**How to complete this task:** Retype all of the listing exactly, passing over any picture you find.

**Dataset excerpt:**
· · ·
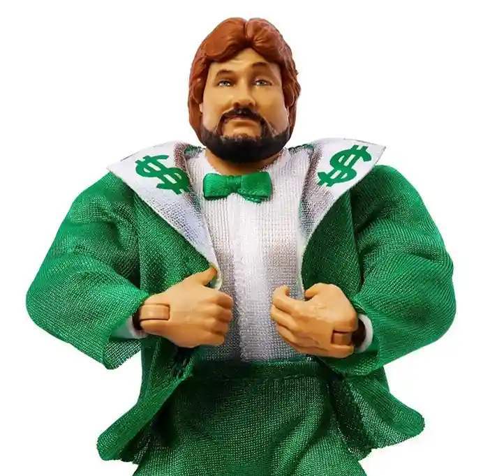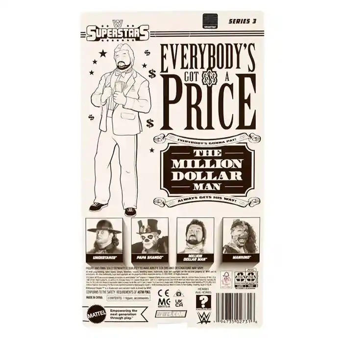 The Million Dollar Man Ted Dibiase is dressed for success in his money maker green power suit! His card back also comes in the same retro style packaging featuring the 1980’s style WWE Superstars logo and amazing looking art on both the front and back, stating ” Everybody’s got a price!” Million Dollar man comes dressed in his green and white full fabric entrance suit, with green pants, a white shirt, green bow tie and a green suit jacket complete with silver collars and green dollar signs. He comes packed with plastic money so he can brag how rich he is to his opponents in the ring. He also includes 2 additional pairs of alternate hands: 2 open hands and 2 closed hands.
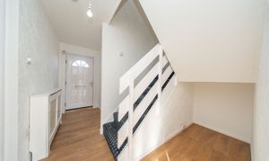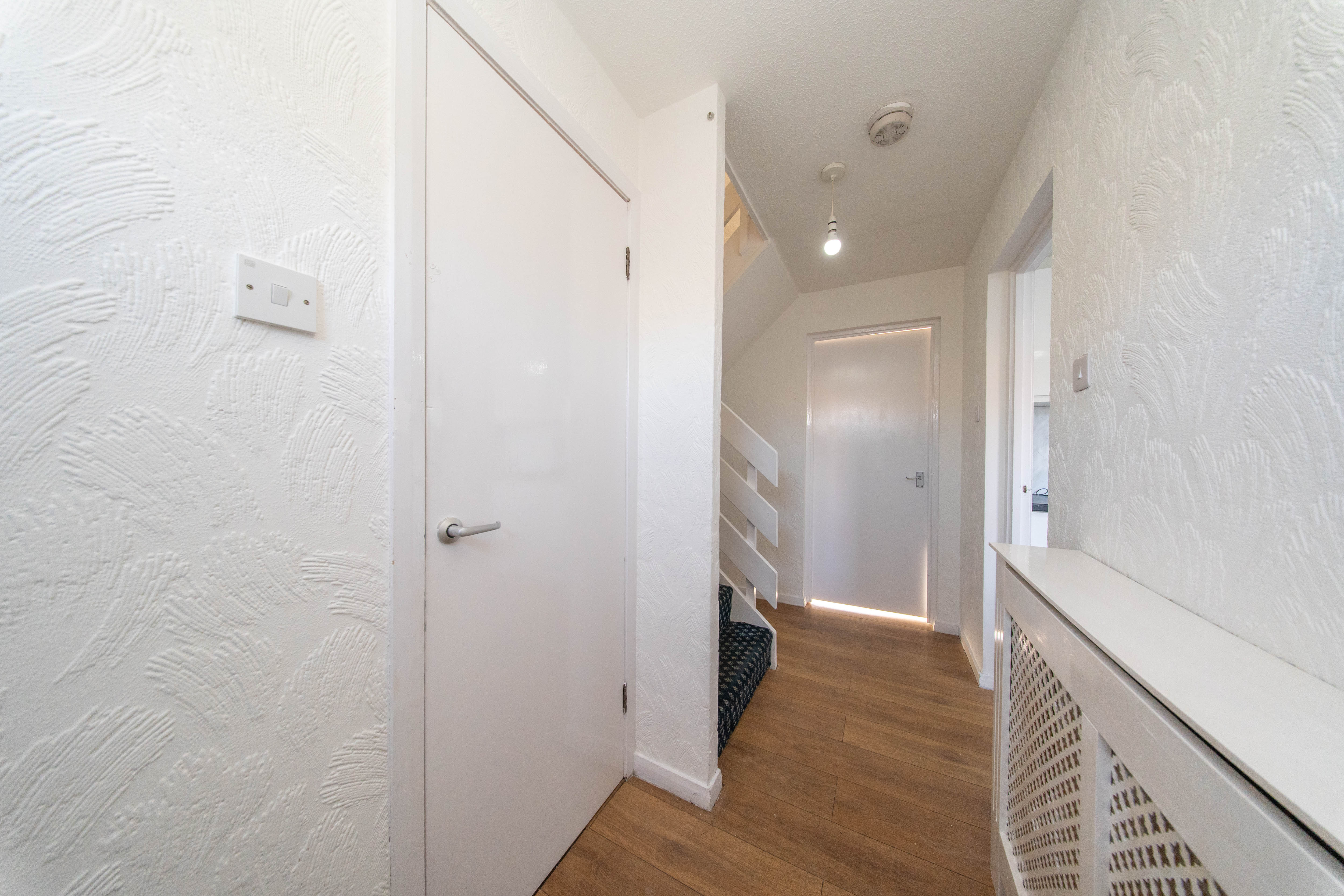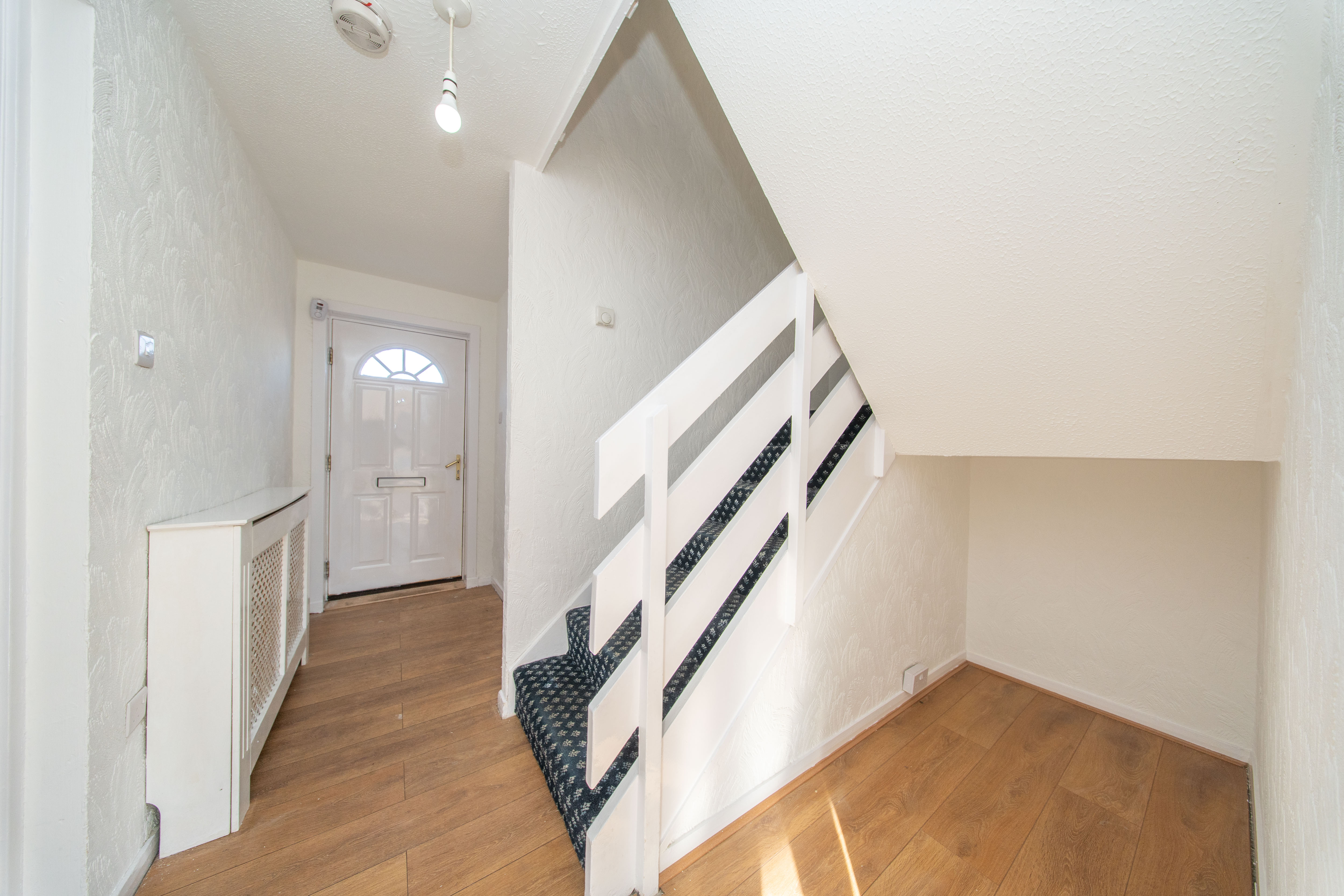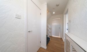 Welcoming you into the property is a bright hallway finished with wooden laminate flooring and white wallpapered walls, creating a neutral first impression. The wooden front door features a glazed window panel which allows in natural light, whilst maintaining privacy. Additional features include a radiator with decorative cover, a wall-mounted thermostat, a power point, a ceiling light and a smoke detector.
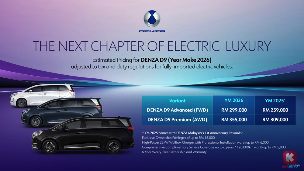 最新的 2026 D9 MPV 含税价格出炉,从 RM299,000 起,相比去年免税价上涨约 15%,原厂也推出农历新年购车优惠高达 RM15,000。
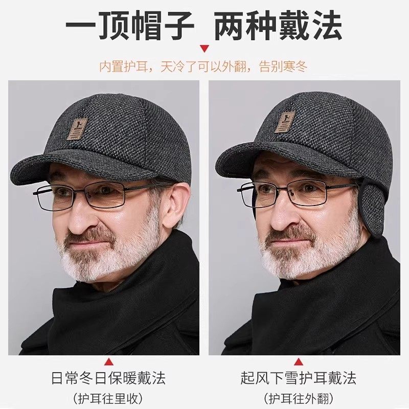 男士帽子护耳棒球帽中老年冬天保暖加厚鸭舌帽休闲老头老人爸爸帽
· · ·
**Answer to this problem:**
 The Million Dollar Man Ted Dibiase is dressed for success in his money maker green power suit! His card back also comes in the same retro style packaging featuring the 1980’s style WWE Superstars logo and amazing looking art on both the front and back, stating ” Everybody’s got a price!” Million Dollar man comes dressed in his green and white full fabric entrance suit, with green pants, a white shirt, green bow tie and a green suit jacket complete with silver collars and green dollar signs. He comes packed with plastic money so he can brag how rich he is to his opponents in the ring. He also includes 2 additional pairs of alternate hands: 2 open hands and 2 closed hands.
 Welcoming you into the property is a bright hallway finished with wooden laminate flooring and white wallpapered walls, creating a neutral first impression. The wooden front door features a glazed window panel which allows in natural light, whilst maintaining privacy. Additional features include a radiator with decorative cover, a wall-mounted thermostat, a power point, a ceiling light and a smoke detector.
 最新的 2026 D9 MPV 含税价格出炉,从 RM299,000 起,相比去年免税价上涨约 15%,原厂也推出农历新年购车优惠高达 RM15,000。
 男士帽子护耳棒球帽中老年冬天保暖加厚鸭舌帽休闲老头老人爸爸帽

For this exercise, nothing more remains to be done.